# planted tank



## greenman909 (Sep 22, 2007)

i am thinking about starting a new planted tank it will be 55 gal any sugestions

also this would be my first planted tank


----------



## mesapod (Aug 18, 2007)

What kind of lighting do you have?


----------



## greenman909 (Sep 22, 2007)

lets just put it this way all i have is the tank i am going to have to buy the rest


----------



## Guest (Feb 29, 2008)

Before buying equipment and such, you should decide what type of planted tank you want. With more lighting comes more plant choices, but also its more expensive and more work. Do you want more of a low light tank or do you want more like a medium light tank that isn't a ton of work, but you have alot of plant choices?

Also, you should think about what kind of budget (if any) you have, since lighting and substrate (if you want plant specific) can be expensive depending on which route you take.

Here is an article to read about planted tanks: http://www.fishforums.com/forum/aquatic-plants/18027-so-you-want-planted-tank.html.


----------



## greenman909 (Sep 22, 2007)

well the only thing i have at this time is a 55gal tank brand new that i picked up from a friend for $50.... money limit is not really a problem so any suggestions for a total set up would be great.. lightinhg, filteration, ect...

thanks for ant feed back


----------



## Guest (Mar 4, 2008)

Alright. You still need to decide if you want this to be high light, low light, something in between?
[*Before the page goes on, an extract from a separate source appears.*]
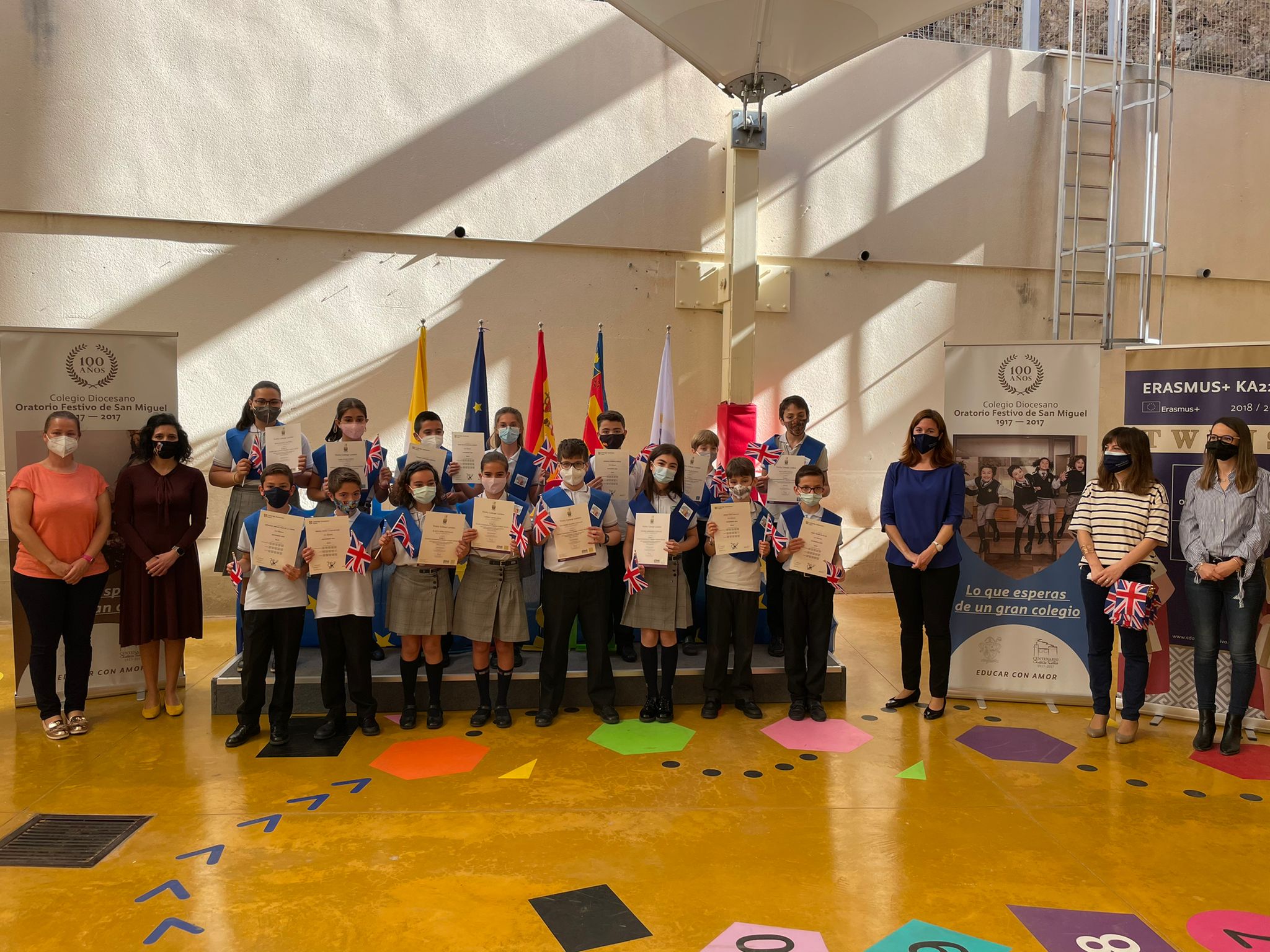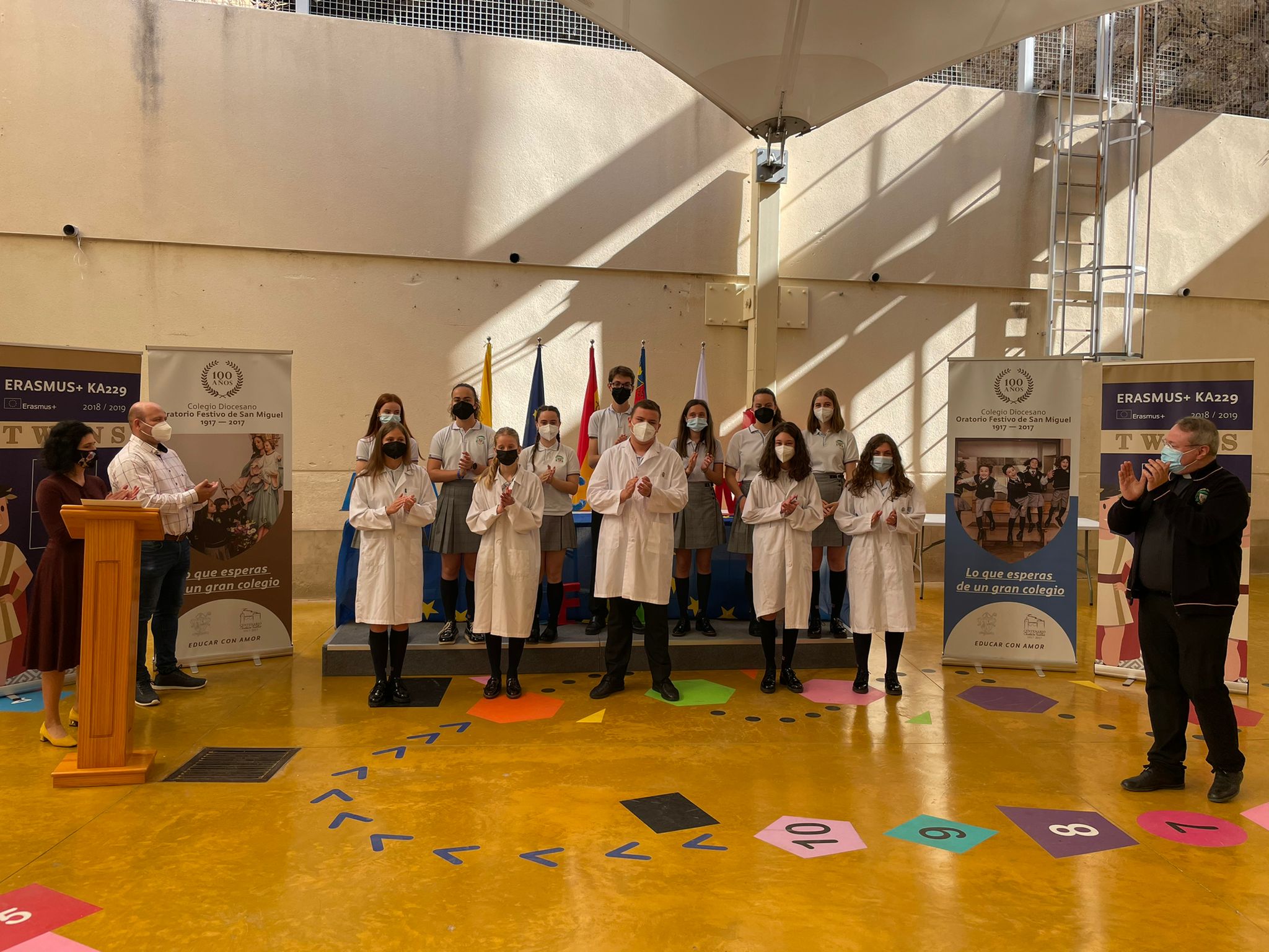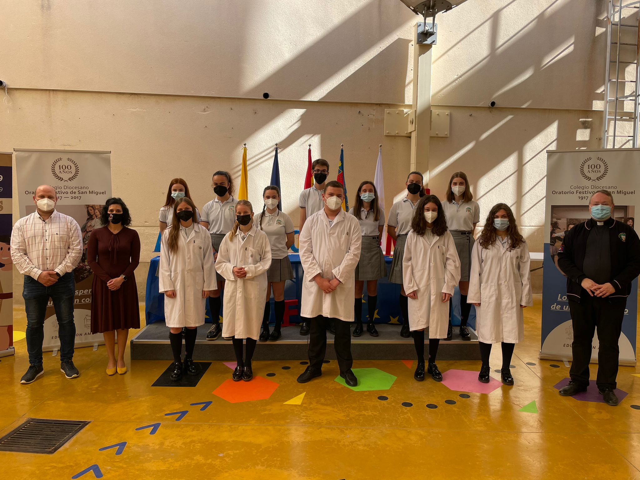 Con motivo de la celebración del Día de Europa realizamos una ceremonia académica, en la que hicimos entrega de los certificados oficiales de idiomas de los niveles del MECR alcanzados por nuestro alumnado, con reconocimiento internacional. A su vez, se procedió a la imposición de la bata blanca a los alumnos de secundaria que han accedido al Equipo de Excelencia don Bosco del Colegio, por destacar en los ámbitos científico-matemático, tecnológico y socio-lingüístico.
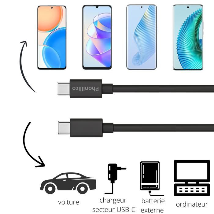 Лот 3 кабеля 20 см USB-C USB-C Черный для Honor Magic 6 / Magic 6 Lite / Magic 6 Pro Phonillico®

Do you want to buy a pressurized co2 setup or no? 

What type of plants do you have in mind?

Once I know what direction you are going in, then I can recommend equipment and such.


----------



## greenman909 (Sep 22, 2007)

ok so i will do a little research and get back to the post


----------



## Guest (Mar 4, 2008)

You can look at pics of plants in different lighting categories at these 2 websites:

http://www.plantgeek.net/plantguide.php (choose light requirements, then pick a category) I don't really like that site for alot of their classifications though.

http://www.aquaticplantcentral.com/forumapc/plantfinder/ (under lighting requirements, choose a category, then hit go) I like this one better, but it doesn't have everything.

Browse around on that site for tank pics too.


----------